» PROMPT: Could you repeat exactly the lines below, from the line containing "土手の上に上ると集合場所には既に300人を超える参加者の一団が" through the last one, both included, while leaving out any pictures?

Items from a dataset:
━━━━━━━━━━

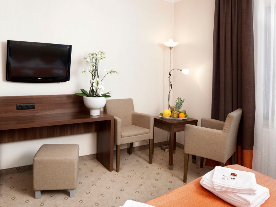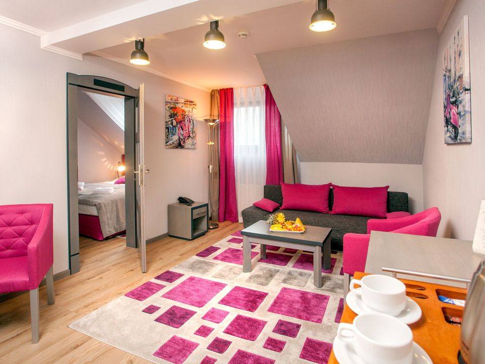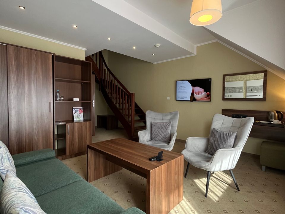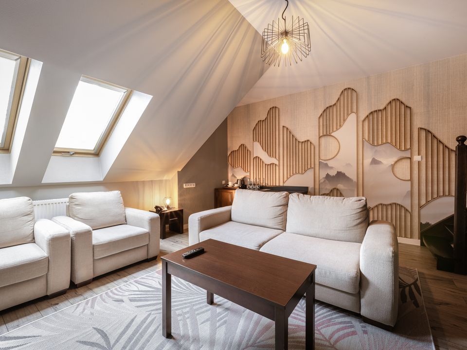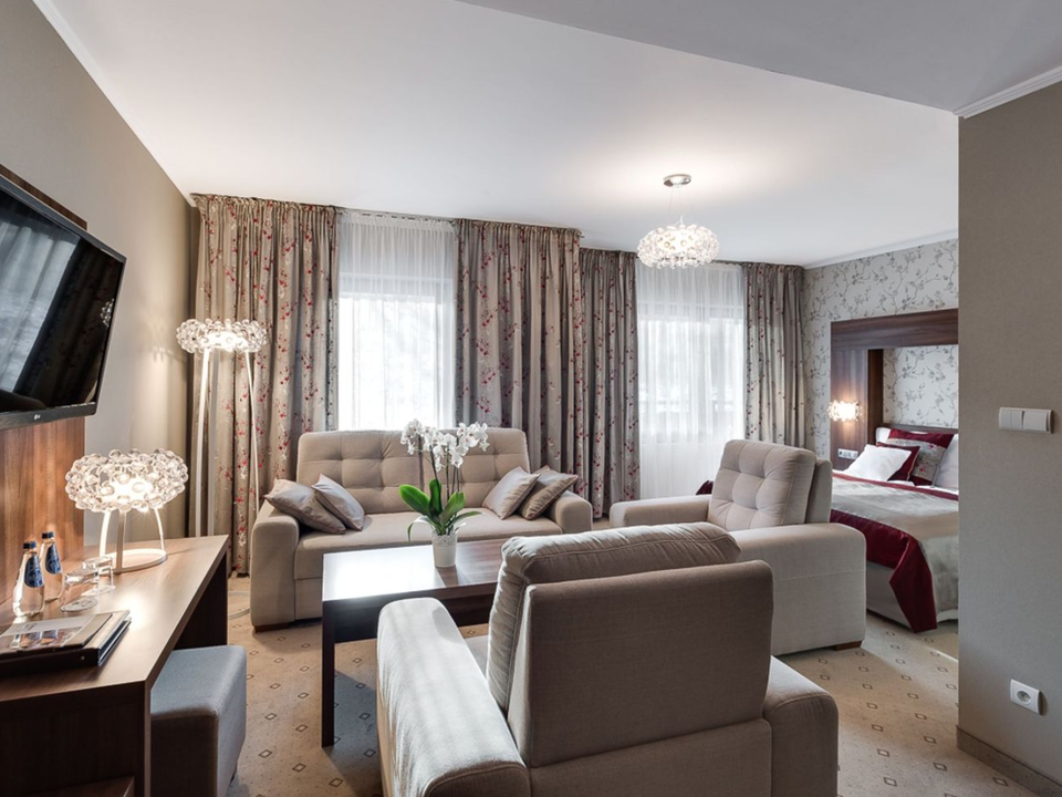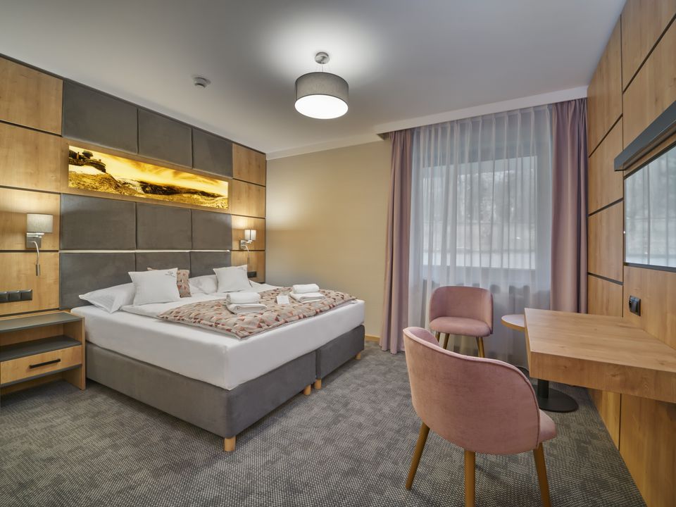 Vyjímečný pokoj v Hotel Artus. Jeho předností je velká velikost - 32m2. Široké lůžko 180 cm, odpočinkový kout, velský televizor 55´´ a koupelna s vířivkoou pro dva. Všechny tyto prvky zajistí, že odpočinek na tomto pokoji bude opravdovým potěšením.
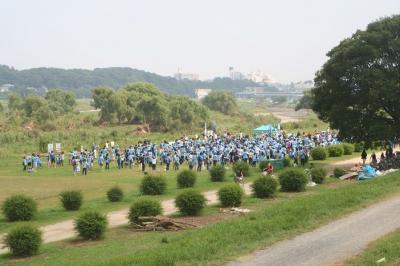 土手の上に上ると集合場所には既に300人を超える参加者の一団が
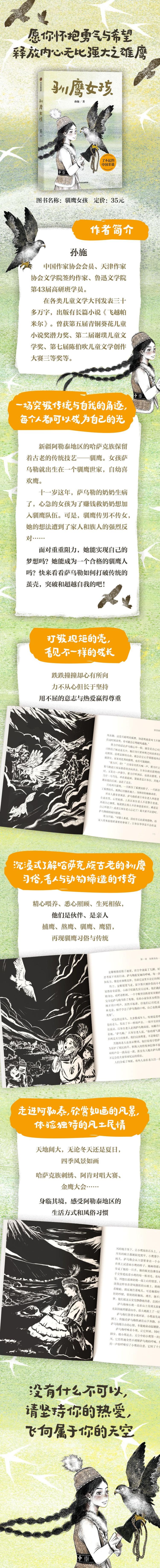 《驯鹰女孩》的故事发生在阿勒泰地区,在这里,哈萨克族一直保留着驯鹰的传统。女孩萨乌勒出生在驯鹰世家,自幼喜欢鹰。十一岁这年,萨乌勒的奶奶生病了,心急的女孩为了赚钱救奶奶想加入驯鹰队伍。可是,驯鹰传男不传女,她的想法遭到了族人的强烈反对。在经历了反抗、努力、妥协等风波后,萨乌勒坚决地走上了驯鹰的道路……她的驯鹰之路还会遇到什么阻力吗?她能成为一个驯鹰人吗?快跟随女孩一起打破传统,追寻属于自己的那片天空吧!
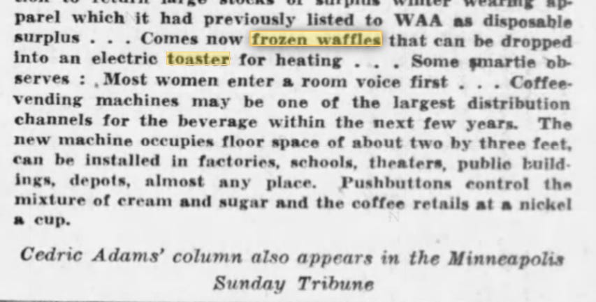 Toaster waffles also got a nod in the Minnepolis Star a few months later in 1947 (and here I’ve included some additional context that captures the cultural moment, including a misogynist joke and and a note about a new trend of coffee vending machines)
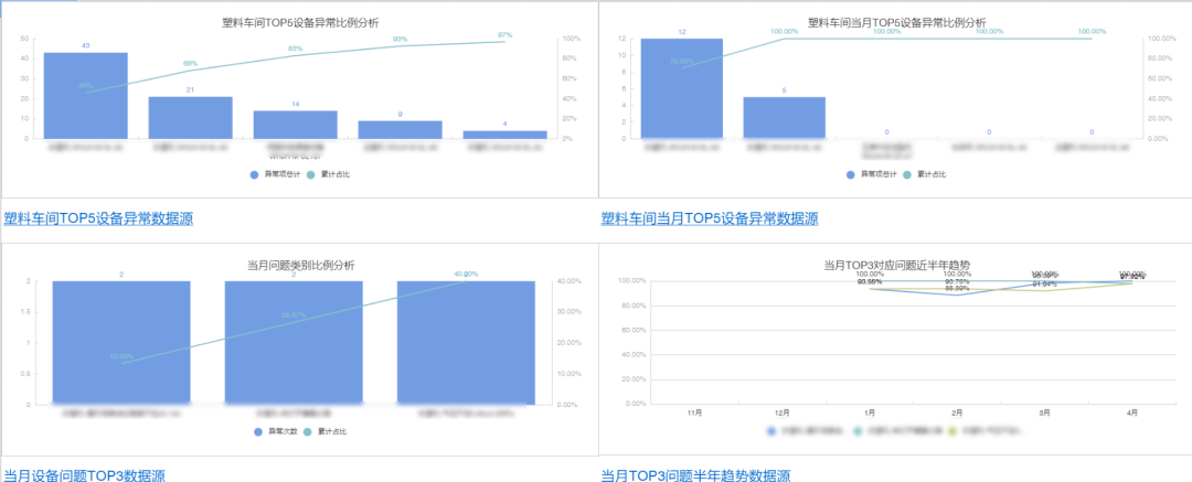 点检结果通过表单提交后可「一键生成关联表格」,表格数据可通过「可视化图表」来做进一步的呈现,可视化的汇报形式让管理者可以清晰直观地了解到生产数据的重点,迅速掌握生产情况,发现异常问题所在。
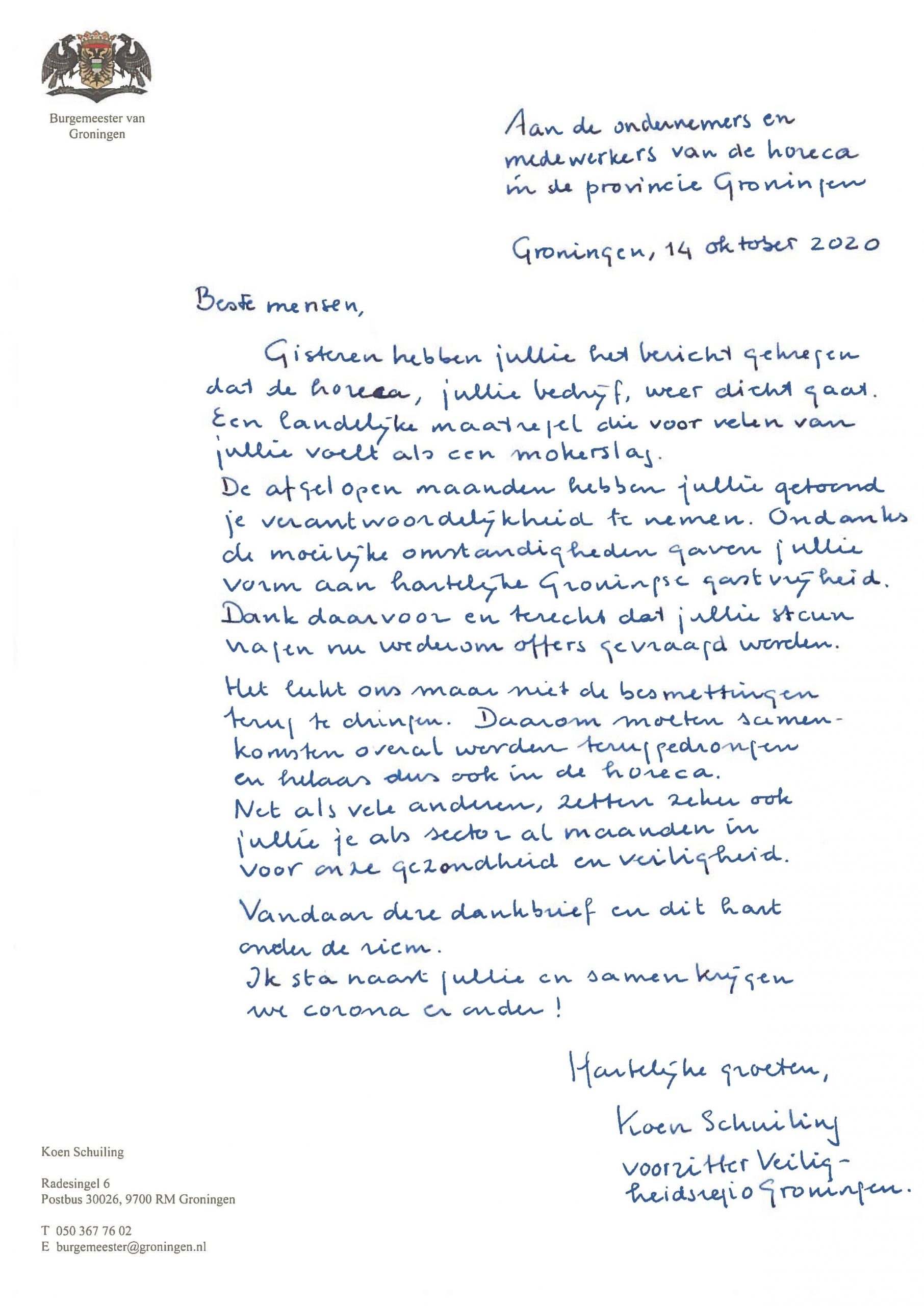 Nadat dinsdagavond duidelijk werd dat de horeca opnieuw de deuren moet sluiten voor gasten om het coronavirus terug te dringen, besloot burgemeester Koen Schuiling van Groningen afgelopen woensdag om de ondernemers in deze branche een hart onder de riem te steken met een handgeschreven brief: “Ik sta naast jullie en samen krijgen we corona eronder!”

━━━━━━━━━━

» SOLUTION FOR THIS TASK:
 土手の上に上ると集合場所には既に300人を超える参加者の一団が
 《驯鹰女孩》的故事发生在阿勒泰地区,在这里,哈萨克族一直保留着驯鹰的传统。女孩萨乌勒出生在驯鹰世家,自幼喜欢鹰。十一岁这年,萨乌勒的奶奶生病了,心急的女孩为了赚钱救奶奶想加入驯鹰队伍。可是,驯鹰传男不传女,她的想法遭到了族人的强烈反对。在经历了反抗、努力、妥协等风波后,萨乌勒坚决地走上了驯鹰的道路……她的驯鹰之路还会遇到什么阻力吗?她能成为一个驯鹰人吗?快跟随女孩一起打破传统,追寻属于自己的那片天空吧!
 Toaster waffles also got a nod in the Minnepolis Star a few months later in 1947 (and here I’ve included some additional context that captures the cultural moment, including a misogynist joke and and a note about a new trend of coffee vending machines)
 点检结果通过表单提交后可「一键生成关联表格」,表格数据可通过「可视化图表」来做进一步的呈现,可视化的汇报形式让管理者可以清晰直观地了解到生产数据的重点,迅速掌握生产情况,发现异常问题所在。
 Nadat dinsdagavond duidelijk werd dat de horeca opnieuw de deuren moet sluiten voor gasten om het coronavirus terug te dringen, besloot burgemeester Koen Schuiling van Groningen afgelopen woensdag om de ondernemers in deze branche een hart onder de riem te steken met een handgeschreven brief: “Ik sta naast jullie en samen krijgen we corona eronder!”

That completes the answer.